Leaving out the pictures, return each line of the entries from the first through the line with "Cuando esté satisfecho", and only those lines.

Exercise inputs:
▼▼▼

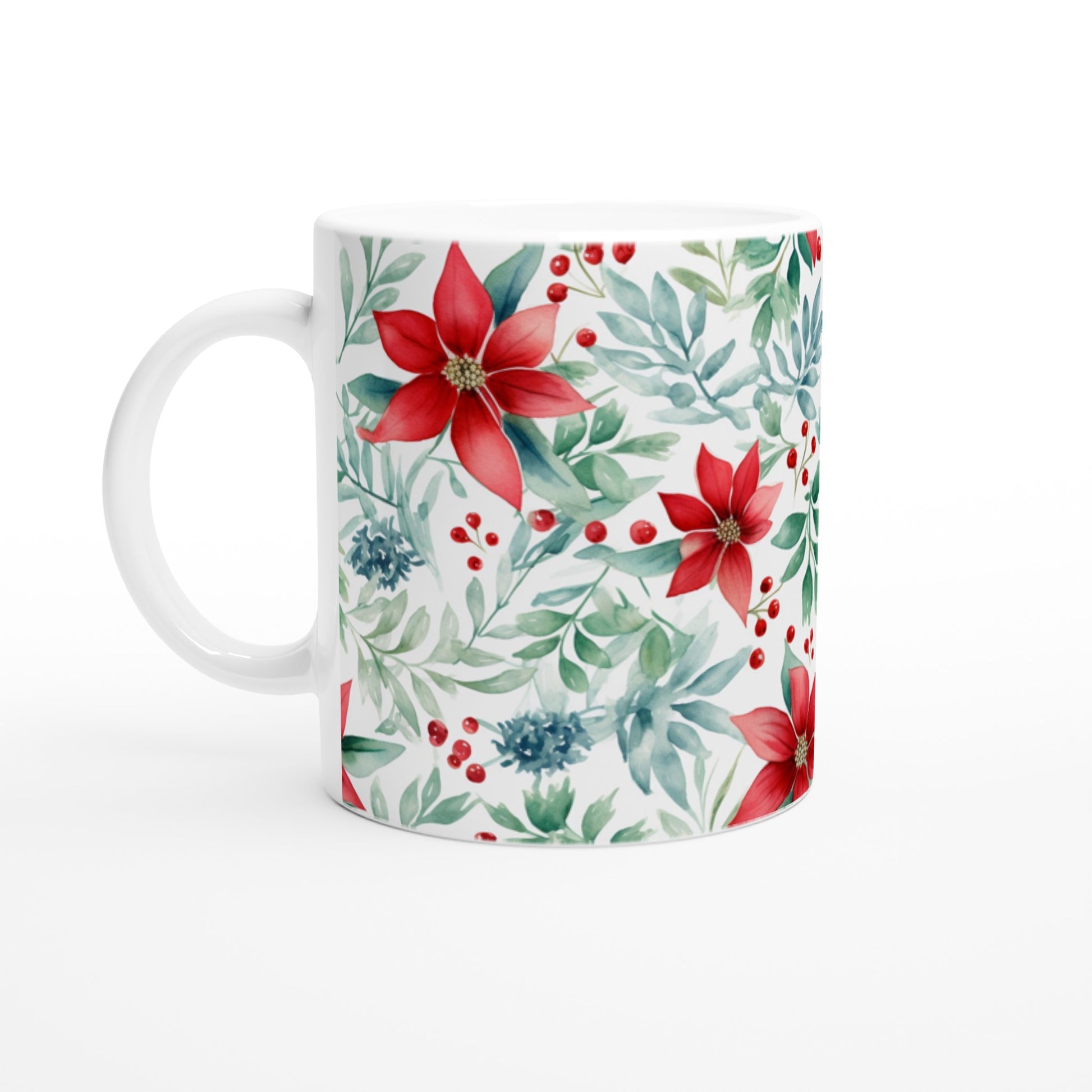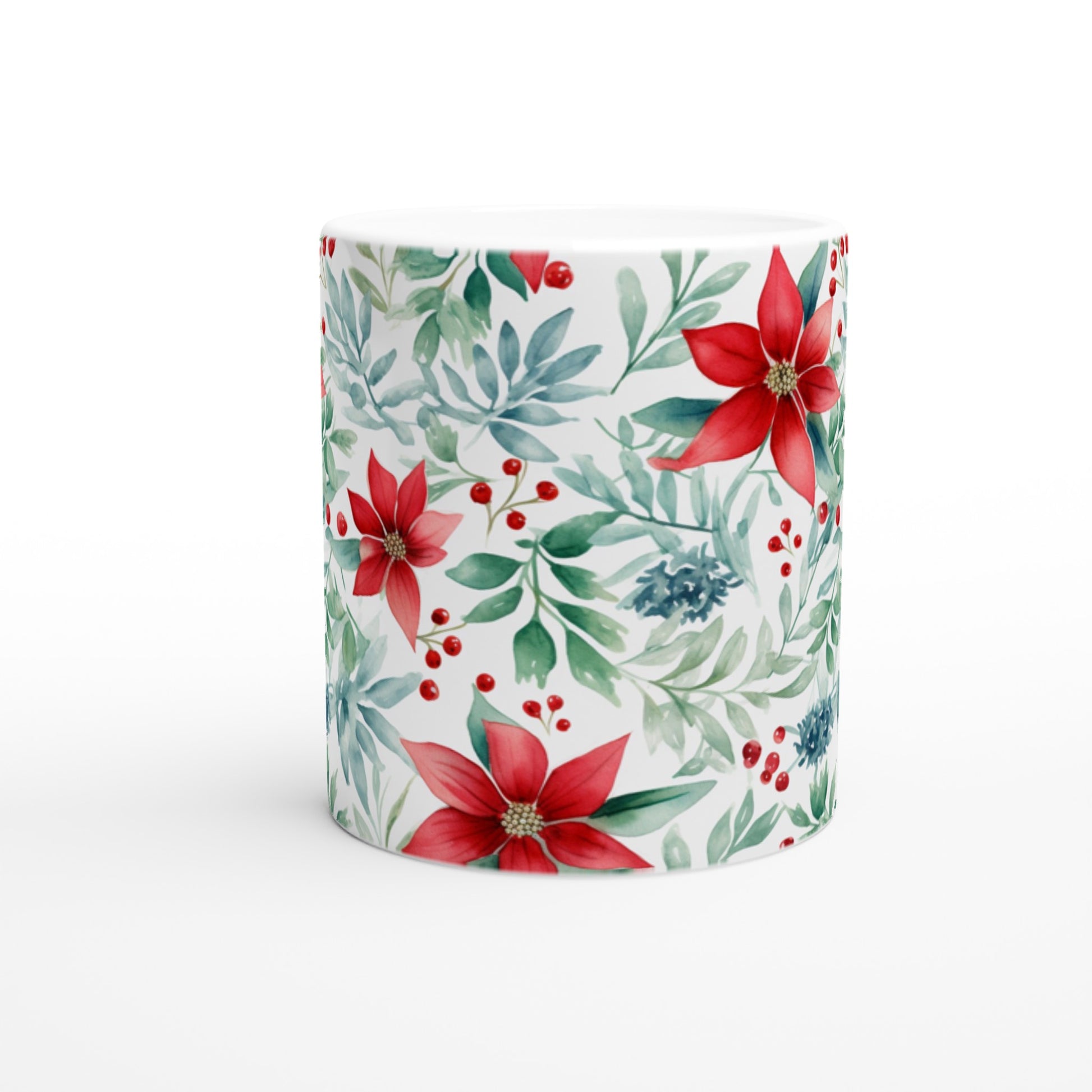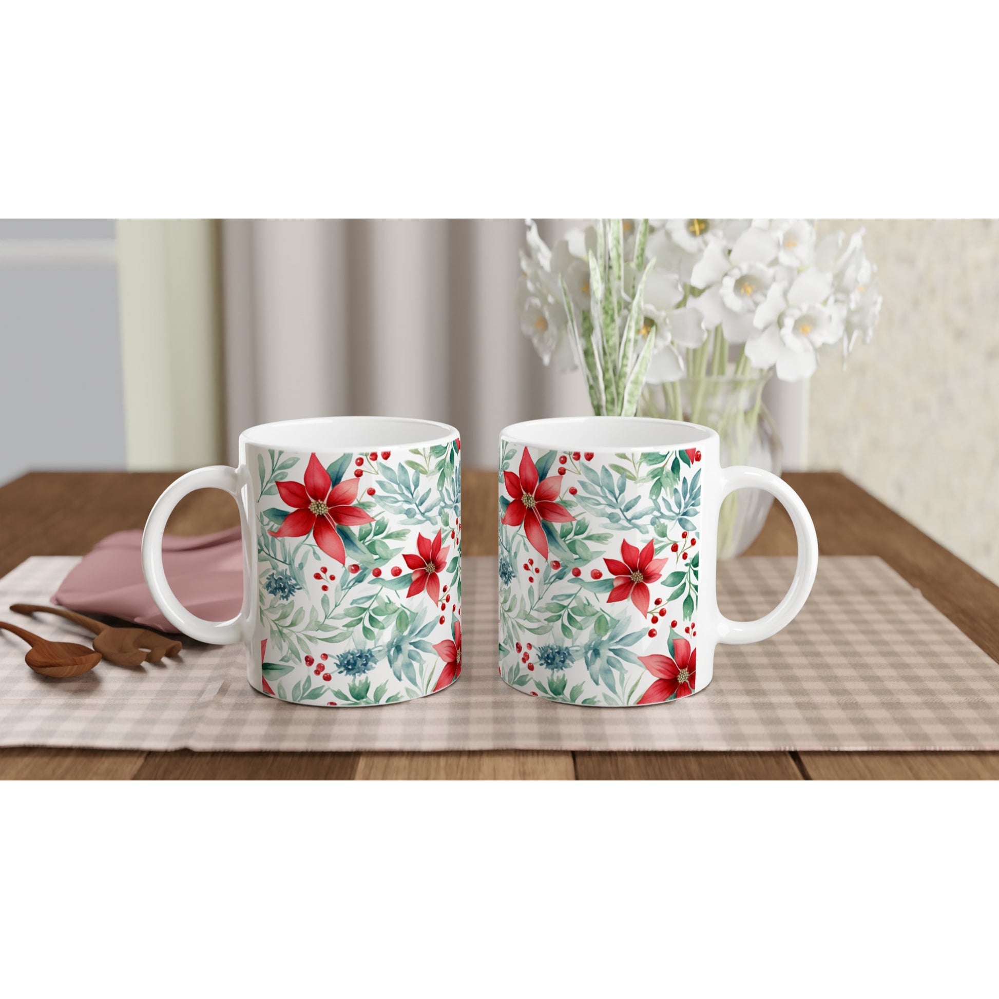 Joyful Sips: 11oz Ceramic Mug with Watercolor Christmas Poinsettia Flowers Print
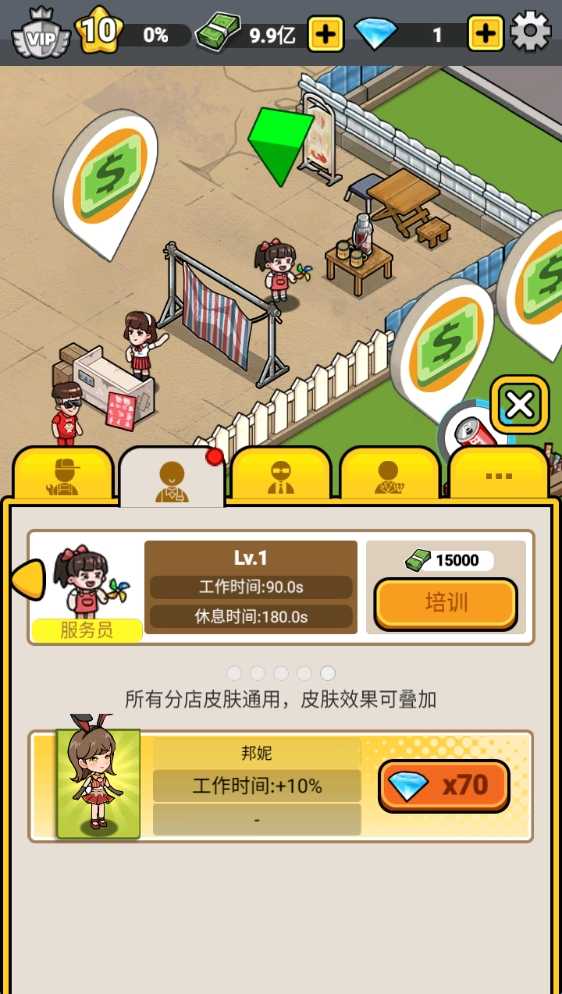 1、进入游戏后,我们可以看到场景中的顾客在自由行动,点击人物上方的按钮即可完成经营。
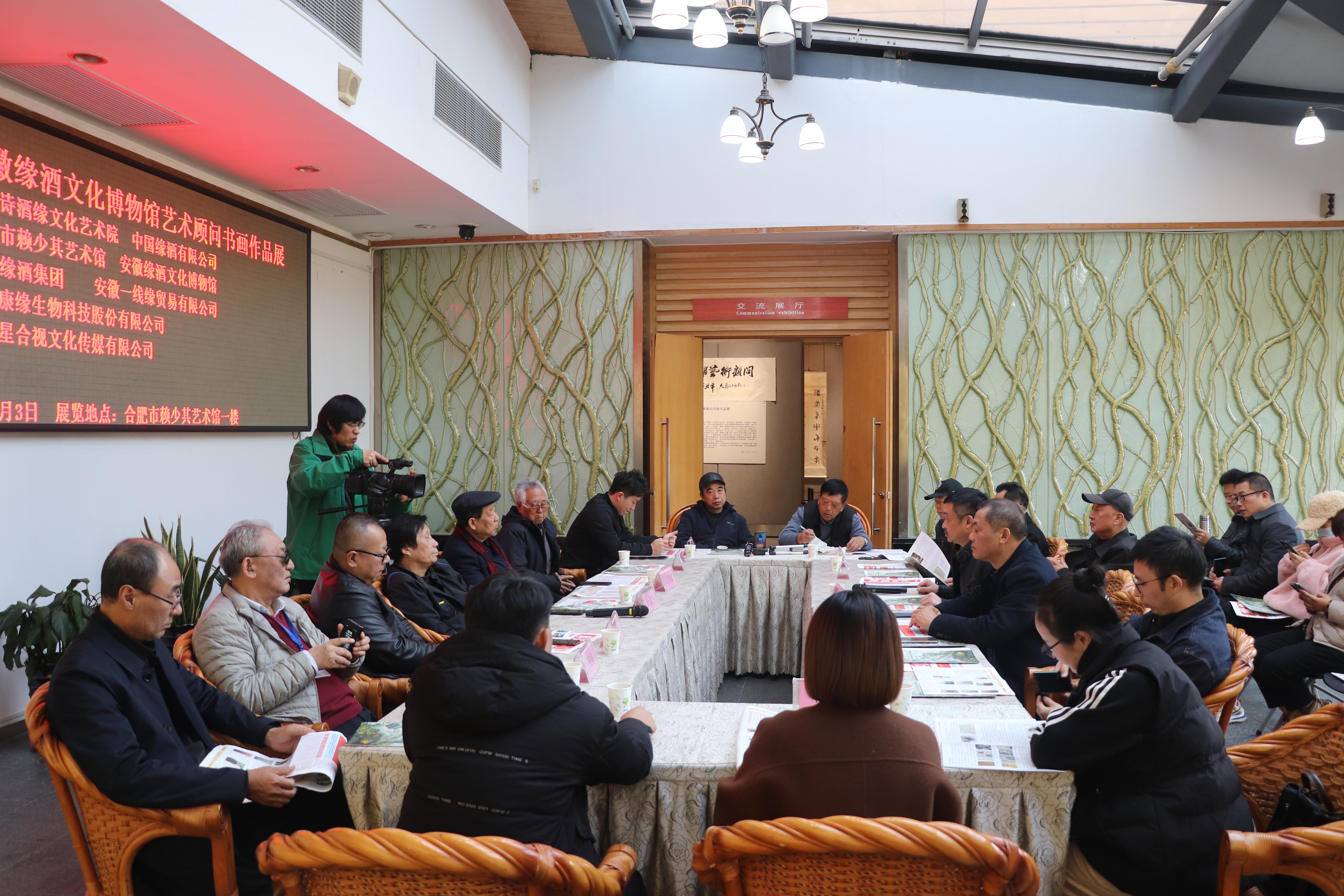 观展结束后,还在会议室开展座谈会,会上安徽缘酒文化博物馆馆长黄晔就缘酒品牌文化建设及本次艺术顾问书画展的办展状况向各位艺术家们做了介绍。余龙生先生在讲话中对本次展览概括为“规模不大,水平不低;少展咸集,风格各异。”唐根生、江冰、姚时进、杜鹏飞等艺术顾问和书画家艺术家们纷纷做交流发言。
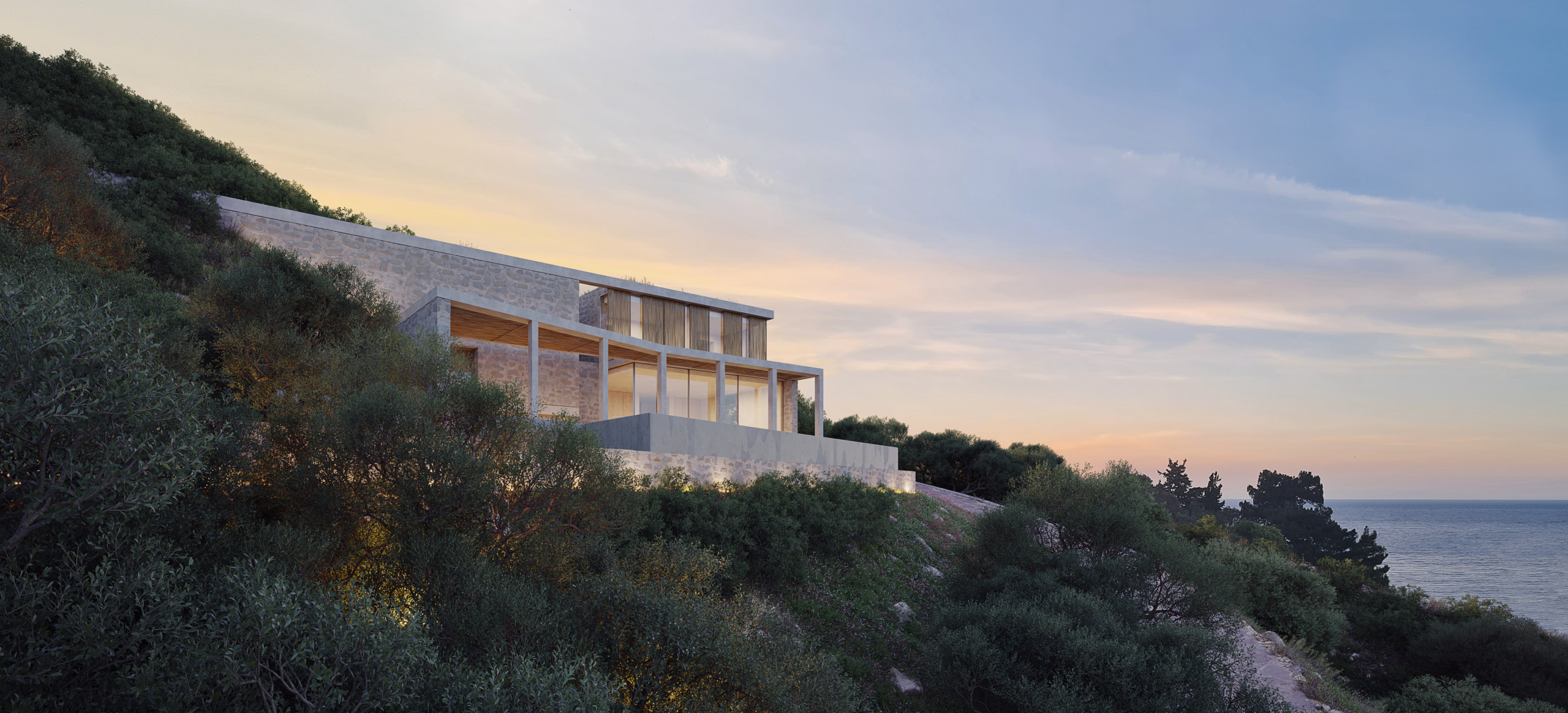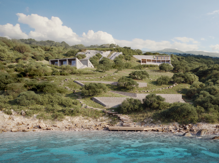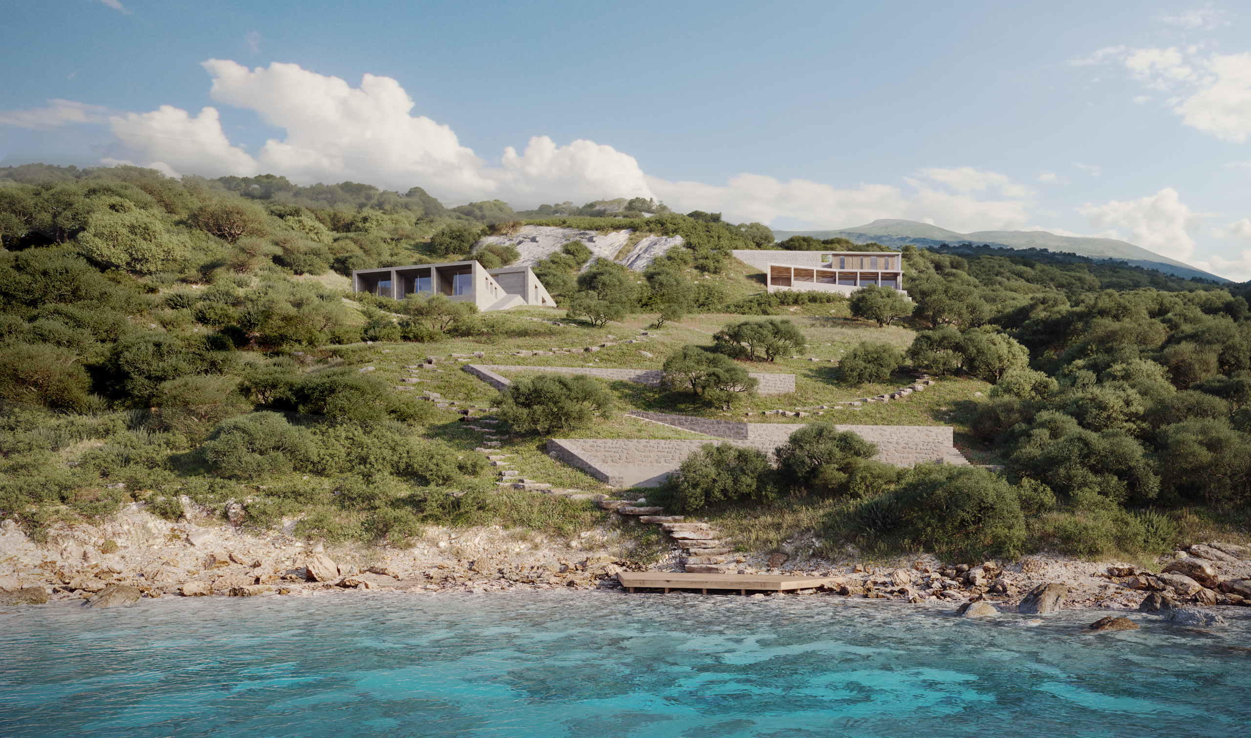 The development is designed as a two-villa residential complex, carefully integrated into the natural terrain to preserve both privacy and visual continuity with the surrounding landscape.
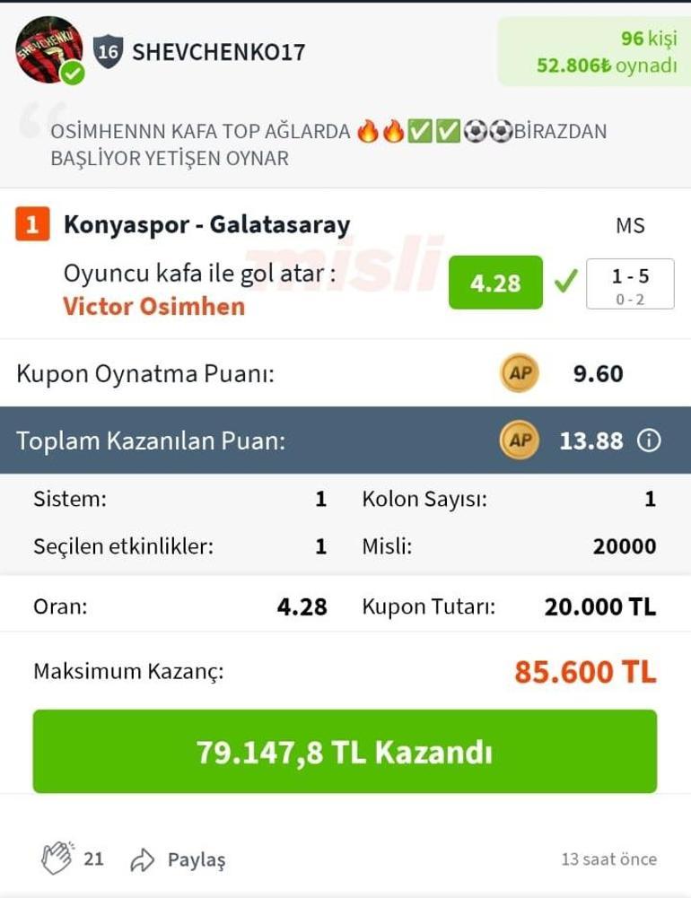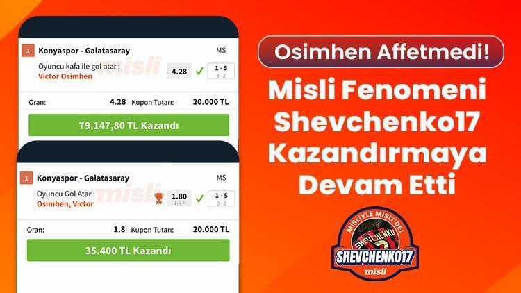 Misli fenomeni Shevchenko17 ise 4.28 orandan Osimhen Başla Gol Atar ve 1.80 orandan ise Osimhen Gol Atar varsayımını tutturarak toplamda 114.547 TL kazandı. Shevchenko17 bu kuponlarıyla Misli Arena’da günün “En Âlâ 20” kuponu ortasında yer aldı.
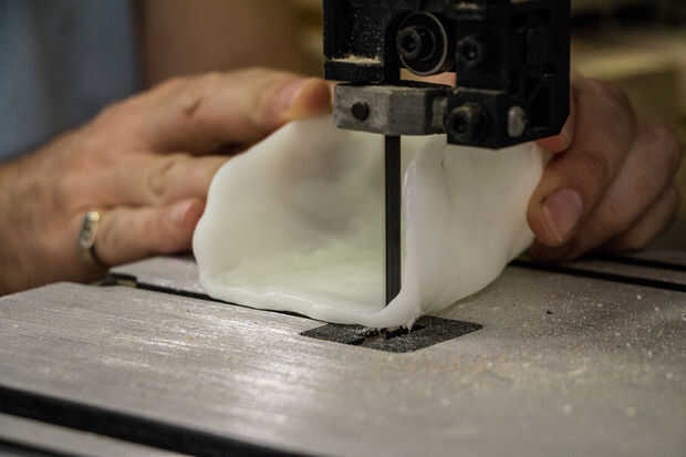Cuando esté satisfecho con la forma de los soportes, los sumerja en agua fría (hielo incluso). Esto acelera el endurecimiento. Después de que los soportes son difíciles, puede recortar los bordes (se muestra aquí con una sierra) y liso, demasiado.
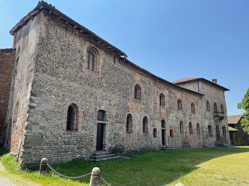 CORNELIANO BERTARIO. Una vera sorpresa. Si annuncia con la chiesa, posta di sguincio sulla sinistra della strada, e si apre poi con un piazzale erboso dominato sul lato lungo dal corpo del castello. Cascine e poche intromissioni moderne conferiscono un tono autentico al borgo. Nel 1359 i terreni di Corneliano furono donati da Barnabò Visconti all’Ospedale milanese di Sant’Ambrogio con la facoltà di prelevare gratuitamente acqua dalla Muzza per quanto bastasse a irrigarli. Fu un gesto generoso nel tentativo di farsi perdonare le sue malefatte e, forse, gli sfrenati eccessi della consorte, Regina della Scala. Di quel periodo è forse il castello, che presidiava un ‘passo’ dell’Adda già utilizzato nel 1158 dal Barbarossa trovando ostruita la più agevole via di Cassano. Si dice avesse perso 200 uomini nel passaggio del fiume di cui, evidentemente, la portata d’acqua era ben superiore di quella attuale. La parte più antica del maniero è la torre quadrata sull’angolo del piazzale, con le sue massicce mura tratte da materiali di recupero.

▲▲▲

Answer for the task:
 Joyful Sips: 11oz Ceramic Mug with Watercolor Christmas Poinsettia Flowers Print
 1、进入游戏后,我们可以看到场景中的顾客在自由行动,点击人物上方的按钮即可完成经营。
 观展结束后,还在会议室开展座谈会,会上安徽缘酒文化博物馆馆长黄晔就缘酒品牌文化建设及本次艺术顾问书画展的办展状况向各位艺术家们做了介绍。余龙生先生在讲话中对本次展览概括为“规模不大,水平不低;少展咸集,风格各异。”唐根生、江冰、姚时进、杜鹏飞等艺术顾问和书画家艺术家们纷纷做交流发言。
 The development is designed as a two-villa residential complex, carefully integrated into the natural terrain to preserve both privacy and visual continuity with the surrounding landscape.
 Misli fenomeni Shevchenko17 ise 4.28 orandan Osimhen Başla Gol Atar ve 1.80 orandan ise Osimhen Gol Atar varsayımını tutturarak toplamda 114.547 TL kazandı. Shevchenko17 bu kuponlarıyla Misli Arena’da günün “En Âlâ 20” kuponu ortasında yer aldı.
Cuando esté satisfecho con la forma de los soportes, los sumerja en agua fría (hielo incluso). Esto acelera el endurecimiento. Después de que los soportes son difíciles, puede recortar los bordes (se muestra aquí con una sierra) y liso, demasiado.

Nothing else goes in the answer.